At 19 he was interned in the notorious Long Kesh - the Guantanamo Bay of its day - where emergency anti-terrorism legislation allowed the holding of hundreds on mere suspicion of terrorist involvement.

"They accused you of doing everything that ever happened in the world without charge or trial," says Morrison. "The British swore they would never do it again but here we are again with people being interned in Belmarsh today."

In 1981, Morrison was involved in a remarkable chapter of British parliamentary history when he acted as external spokesman for IRA volunteer Bobby Sands while he was on hunger strike arguing for the treatment of IRA prisoners in the H Blocks as "patriots" rather than criminals.

Despite being denied access to Sands, Morrison's media campaign helped to get Sands elected MP for Fermanagh and South Tyrone.

"He was elected on April 9 with a majority bigger than Thatcher got in Finchley. He died five weeks later on May 5. The British just ignored it and changed electoral law so prisoners couldn't stand as MPs.

"He was a poet, an extraordinary person - one of only two people I could claim to have felt the same way about - this feeling you are in the presence of someone with a great aura. Gerry Adams had that quality; you just knew that he was an exceptional human being.

"I last saw Bobby on December 18 when he told me he was going on hunger strike. I knew he was not for bending. The next time I saw him he was in his coffin."

The heady power of democracy marked - to paraphrase Morrison - his move from the Armalite to the ballot box, and he spent the next 11 years as Sinn Fein's publicity director, surviving a Loyalist assassination attempt, meeting Tory minister Douglas Hurd for secret negotiations, and spending 13 years under an exclusion order banning him from entering Britain.

"IRA bombs had killed innocent civilians, I was quite despairing of us receiving any commitment for change from the British government. I knew the IRA was well armed and in a healthy shape, but the leadership in the early 90s had reached a military stalemate; they had fought for 20 years without improving the negotiating position."

In 1990, an IRA informer had agreed to do a press conference exposing his special branch handlers, who were encouraging him to set up for assassination two leading republicans. As Morrison entered the house where the man was in hiding, the authorities arrived seconds later and arrested him on what he claims were trumped up charges.

Like his other work, The Wrong Man focuses on the Troubles - but Morrison defends himself from accusations of cashing in on terror.

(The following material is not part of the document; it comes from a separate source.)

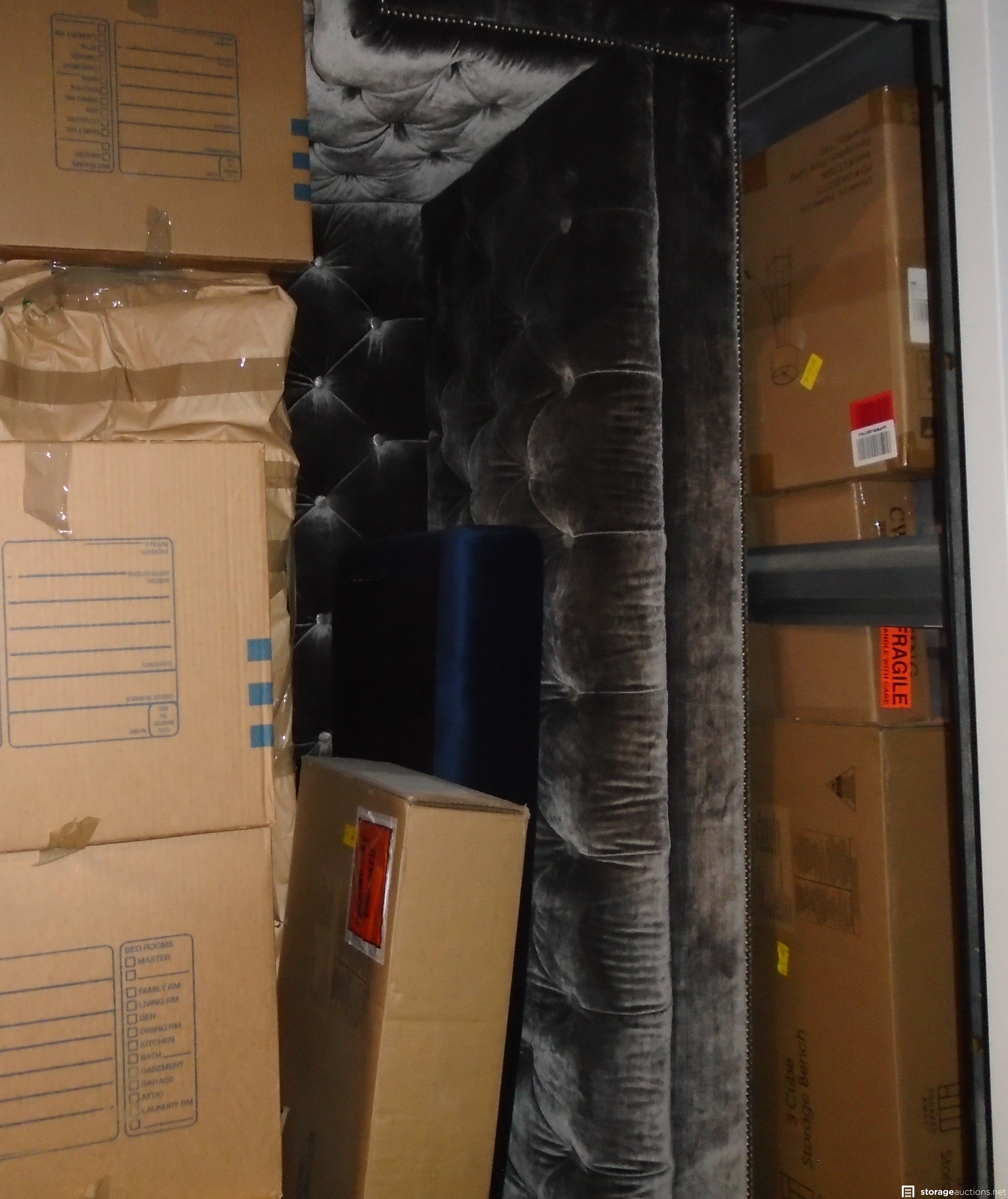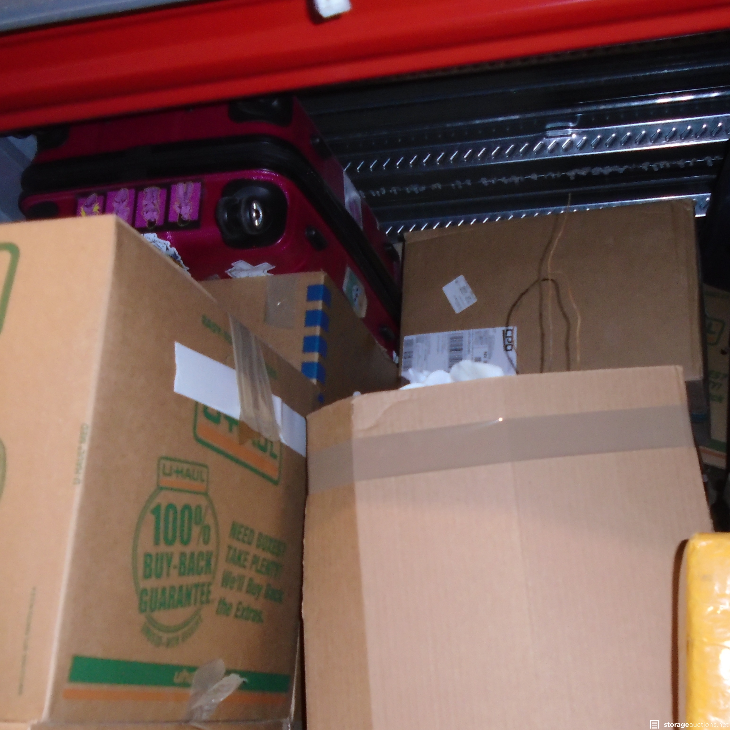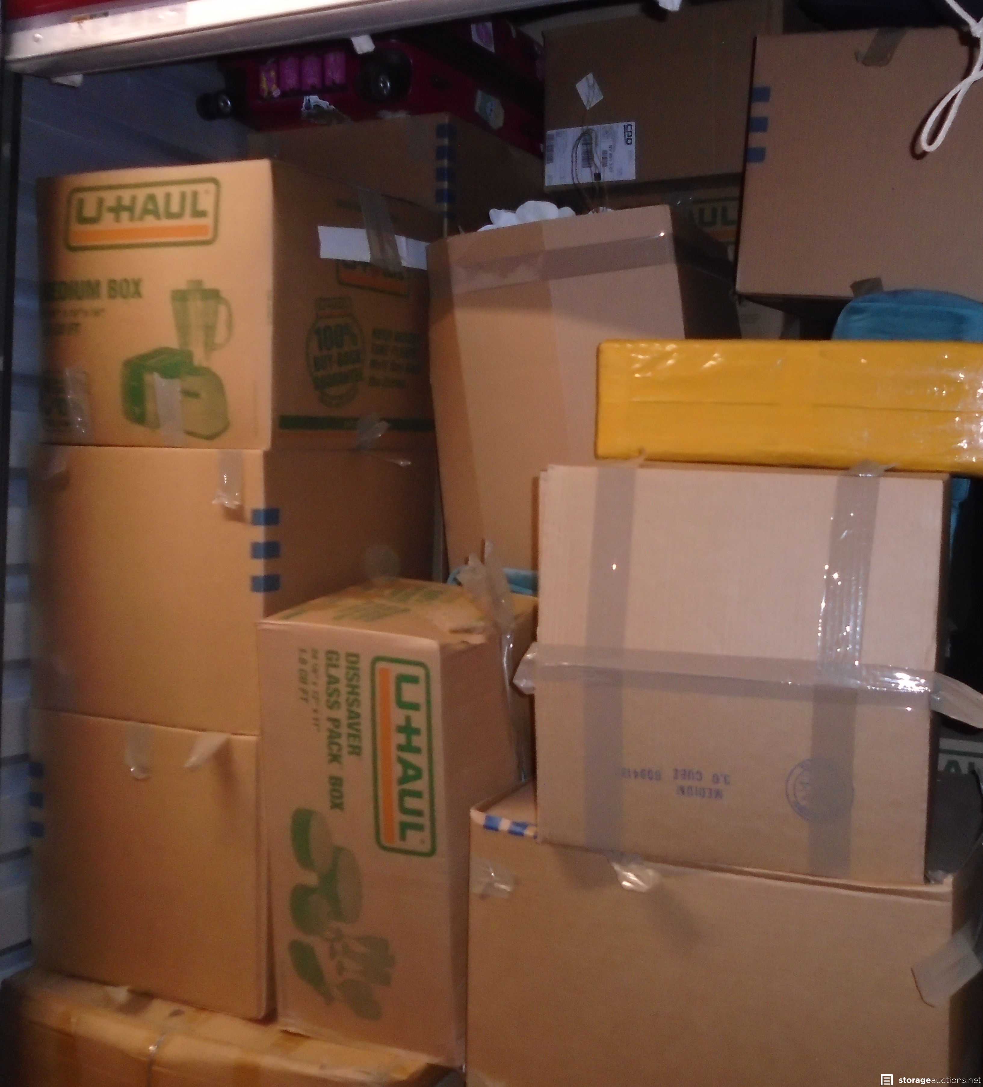Unit is full of boxes. Unit appears to have couch and suitcases.

"The play is not an apologia for armed struggle but a vehicle for a universal story about what violence does to people and how it can be self-destructive. It is a depiction of human beings in extreme circumstances - those people who are trapped by history and by conditions under which they live," he says.

It is set in 1984, after the hunger strikes, when there was a huge increase in support for the IRA, which the authorities tried to combat with the use of supergrasses.

"The converted terrorist was granted immunity from prosecution provided they turned state's evidence and hundreds of people were put in jail on the sole basis of a statement made against them by a former confederate," he says.

Some of his justification for supporting the IRA makes for uncomfortable rhetoric. He insists "war is not glamorous or dignified and these things happen in any conflict - Great Britain for example during the bombing of Dresden was quite ruthless in taking human life to demoralise the civilian population".

He may not have moved on, but his warning that you cannot do so until major issues such as an inclusive Northern Ireland police force and self-government have been sorted out is surely wise.

"I have seen dramatic changes but there remains a lot of frustration. Not that I think the peace process is going to break down, but it's a long road."

o The Wrong Man runs at the Pleasance Theatre until April 3.